Virtual Loving Kindness Meditation and Chronic Pain
The aim of the current study was to examine the effects of a Loving Kindness Meditation (LKM) on chronic pain. This study also investigated if a Virtual Reality (VR) meditation and an Audio meditation could have different analgesic effects. As many studies in this area of research have tested mindfulness for chronic pain treatment, the present study attempts to begin to fill the gap in this research, by investigating LKM on chronic pain. No other study has used LKM to test its effect on chronic pain when conducted through VR.

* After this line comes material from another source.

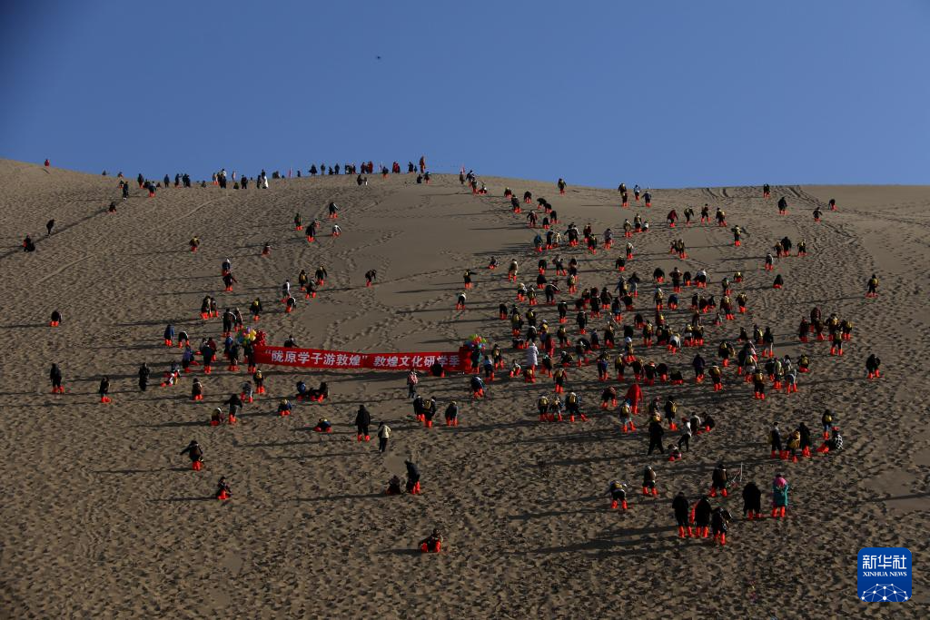 1月16日,研學(xué)團隊學(xué)員在甘肅省敦煌市鳴沙山月牙泉景區(qū)開展登山比賽。新華社發(fā)(張曉亮 攝)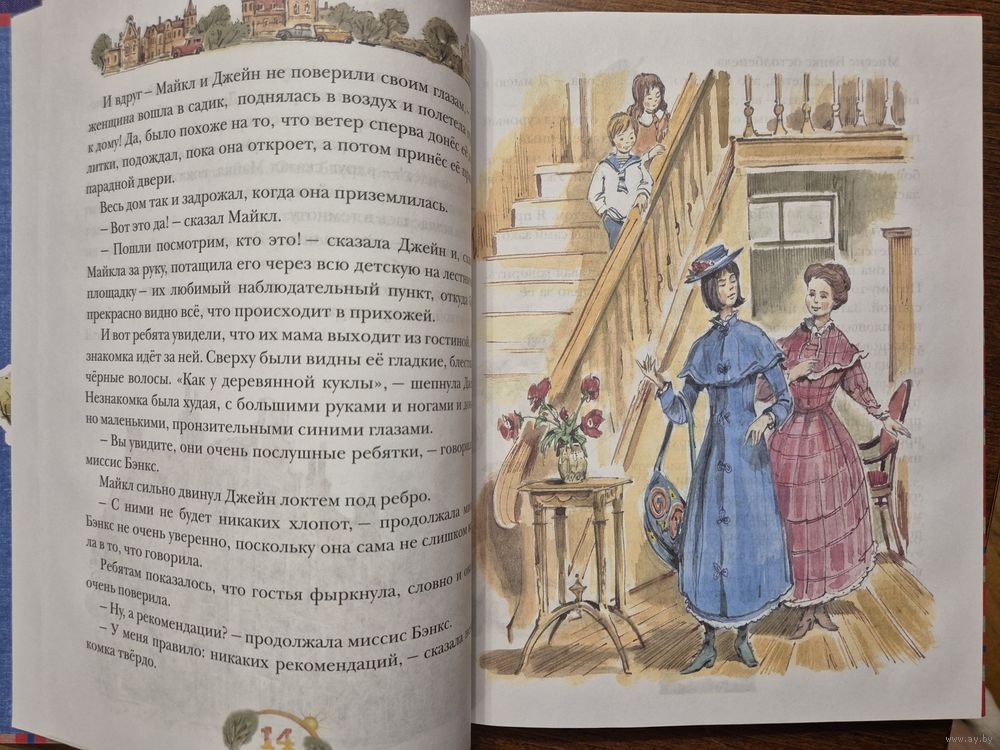 О Мэри Поппинс надо прежде всего сказать, что... Впрочем, замечу только, что, если Мэри Поппинс покажется вам сначала слишком строгой и даже суровой, не пугайтесь. Если бы она была только строгой, ее вряд ли бы так полюбили все без исключения ребята, которым удалось познакомиться с Мэри" .

Pharmaceutical treatments are not always sufficient to ameliorate chronic pain and can have negative consequences such as addiction and side effects. Therefore, the need for further investigation of non-pharmaceutical methods for treating chronic pain is becoming more vital. VR and meditation could provide safe treatment methods for pain while avoiding the negative effects of drug therapies. Both meditation and VR have shown promising results as non-pharmaceutical treatments for chronic pain. Research suggests that there is a link between LKM and positive emotions, which according to Gate Control Theory could inhibit the experience of pain. VR could also provide pain relief due to the level of distraction it creates for the user, therefore diverting the individual’s attention away from their pain, and to the VR. This type of meditation was also chosen for this study instead of a mindfulness meditation due to the lower amount of effort needed to manipulate one’s attention, in comparison to mindfulness. This could possibly be better suited towards this population, as chronic pain sufferers may experience concentration and attention difficulties. The present study employed a 2 x 2 factorial experimental design. Participants were females with chronic pain, between the ages of 22 and 63 (N = 12). The participants took part in a LKM either through VR or Audio. Participants completed the Numeric Pain Rating Scale, pre and post meditation to measure their pain levels. Presence was measured using the Temple Presence Inventory after the meditation, to account for the user’s sense of presence being a confounding variable.
Results of a two-way between-within analysis of variance showed a significant decrease in the participants’ pain levels post meditation (p < .001). There was no significant difference between the VR and Audio groups’ pain decrease. There was also no significant interaction between the two independent variables. Presence was not included in the final statistical analysis as a covariate, due to the violation of one of the assumptions of an analysis of covariance.